Guidi, who guided the company for more than 40 years, simultaneously resigned from the Oakland Ballet Academy, which he opened in 1968.
Guidi announced his decision shortly before the April 5 board meeting of the Ronn Guidi Foundation for the Performing Arts, said board President Richard Cowan.
Guidi did not comment on why he stepped down, a decision he made once before, in 1998. He returned in 2007 to rescue the ballet. This time, Guidi, who is in his 70s, has been complaining of minor health problems for several months.
Students of the Oakland Ballet Academy were released for an unscheduled spring break beginning April 9. Their tuition is being reduced for April, but the doors may not be open until after the break ends April 27.

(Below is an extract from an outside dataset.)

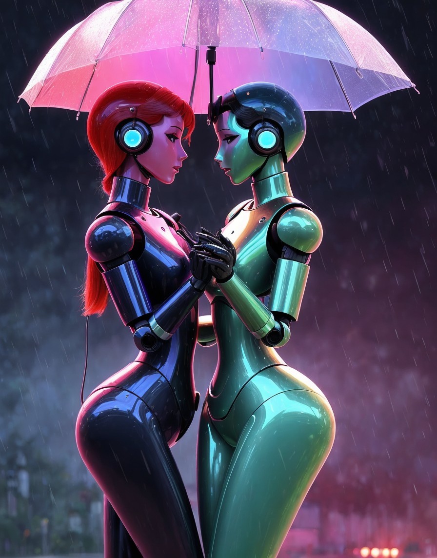 Two beautiful female robots in love celebrate by dancing in the rain together.

The board will meet in May to decide how to go forward, Cowan said. That will mean figuring out how to keep the ballet company intact, as well as finding a new artistic director, he added. "We want to continue his legacy."
That legacy stretches back to the 1960s.
Guidi was a young choreographer and dancer enamored of the Ballets Russes when he forged two institutions out of sheer determination. He founded the Oakland Ballet Company in 1965 and set about restoring some of the masterpieces that came out of the Ballets Russes company.
Those performances helped gain international recognition for the Oakland Ballet and Guidi, who had plans to stage several of the pieces in the spring.
Guidi created the Oakland Ballet Academy to train dancers. Students performed with the Oakland Ballet Company as well as with the Joffrey Ballet, American Ballet Theatre, New York City Ballet, Dance Theatre of Harlem, San Francisco Ballet and Ballet West.
Guidi stepped down as the Oakland Ballet's artistic director in 1998. His return in 2007 resuscitated the company, which had closed in 2006 under the direction of an outside director. Once again under Guidi's hand, the Oakland Ballet quickly turned around and attracted critical praise, ticket sales and donations.
"We are concentrating on the future," Cowan said.